Wir werden eines Besseren belehrt: Sony bringt das Gerät tatsächlich diesen Herbst in Japan auf den Markt. Es hat den handlichen Namen Head Mounted Display Personal 3D Viewer HMZ-T1 und kann mit zwei 720p OLED-Bildschirmen aufwarten, die versprechen den Träger tief in optische und akustische 3D-Welten zu tauchen. Auf der CES musste Sony noch den Kopf des Trägers ausmessen, damit der Helm richtig ausgerichtet wird. Man hat auch Klagen darüber gehört, dass man das Display mit den Händen halten müsse, damit es nicht herunterfällt.
Es wirkt also alles etwas komisch und erinnert auch an antiquierte Science-Fiction-Filme. Aber das gehört wahrscheinlich einfach so bei Head-Mounted-Displays.
Man darf Sony auf jeden Fall für den Mut gratulieren etwas, das so nach Prototyp aussieht, in die Läden zu bringen. Das erinnert an frühere Zeiten, als Sony nerdige und doch auch eindrucksvolle Hardware entwickelte, die als Massenware nicht immer sinnvoll waren und sich auch nicht unbedingt gut verkauften, aber man trotzdem froh war, dass Sony es produziert hat. Schließlich geht es hier um das Unternehmen, das Roboter-Hunde hergestellt und verkauft hat.
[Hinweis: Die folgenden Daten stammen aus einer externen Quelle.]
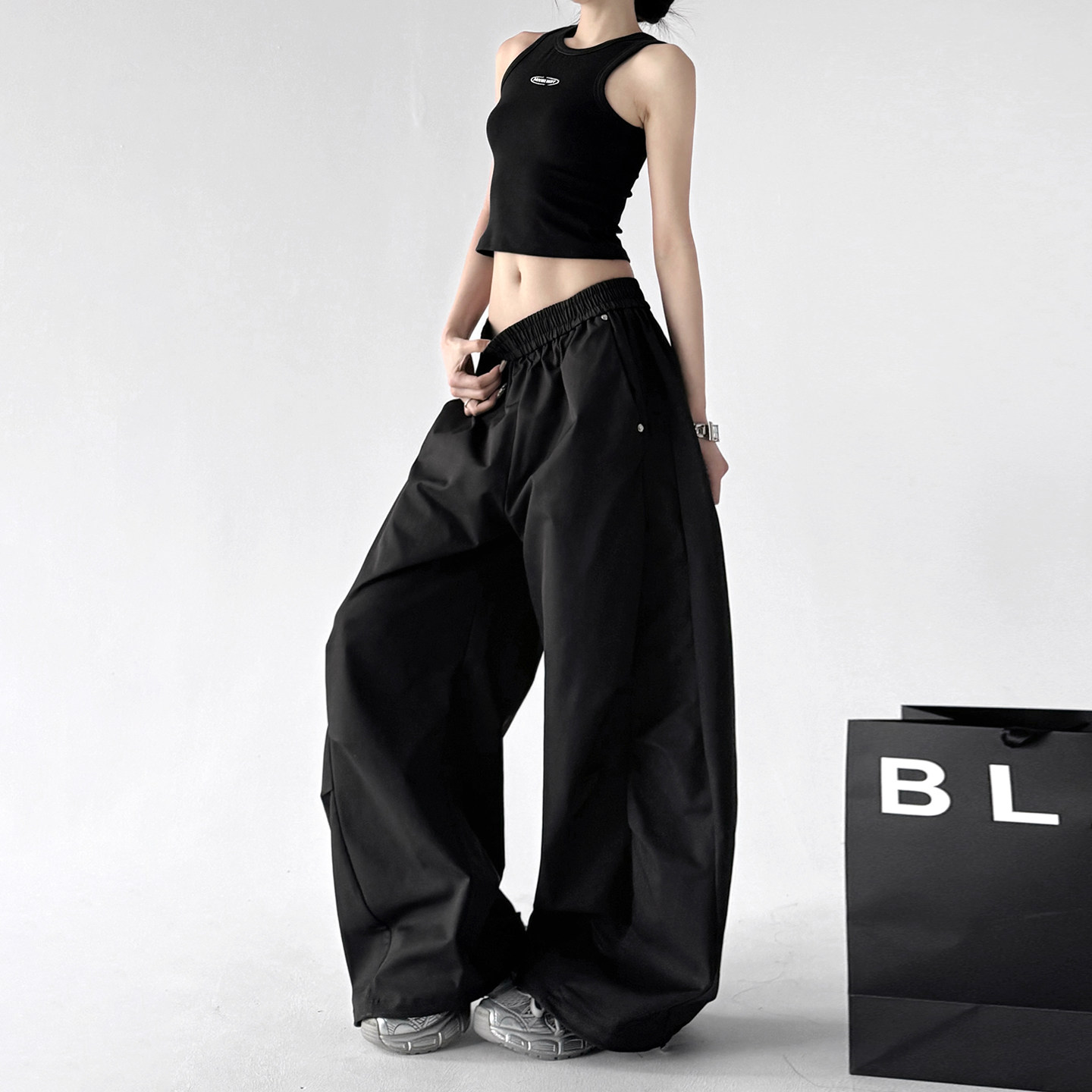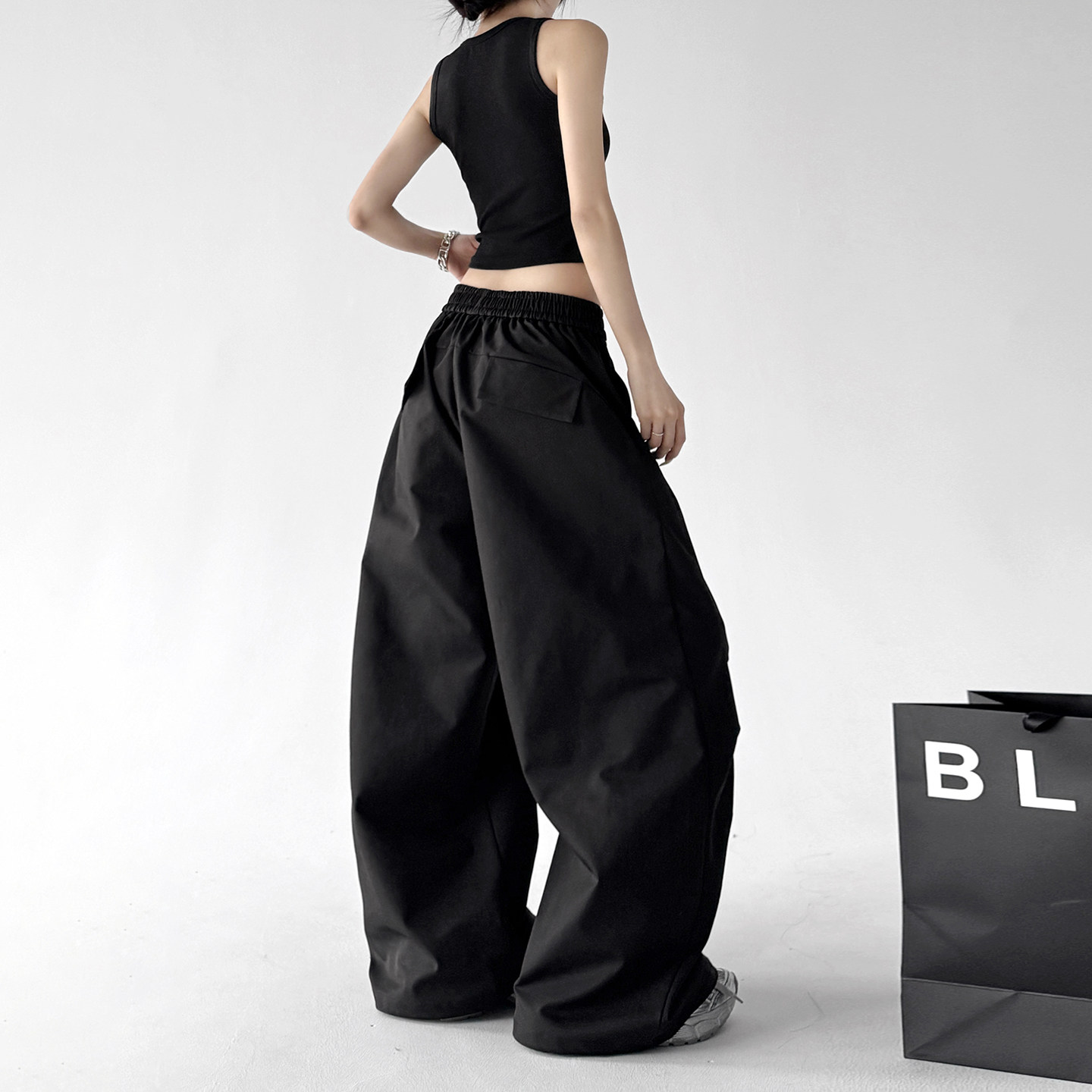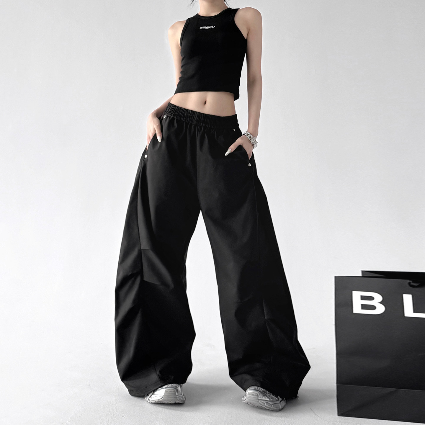 工装裤女2026春装新款超火黑色户外阔腿裤宽松显瘦速干弯刀休闲裤

Eine offizielle Pressemitteilung sagt, dass das Head Mounted Display Person 3D Viewer HMZ-T1 am 11. November in den Verkauf gehen wird. Der Preis wird noch als “open” geführt, aber Experten glauben, dass es wohl für 800 US-Dollar zu haben sein wird. Es wird wohl ein ordentlicher Ladenhüter werden, aber einer, der aufzeigt, dass Sony noch Nerd-Potential hat.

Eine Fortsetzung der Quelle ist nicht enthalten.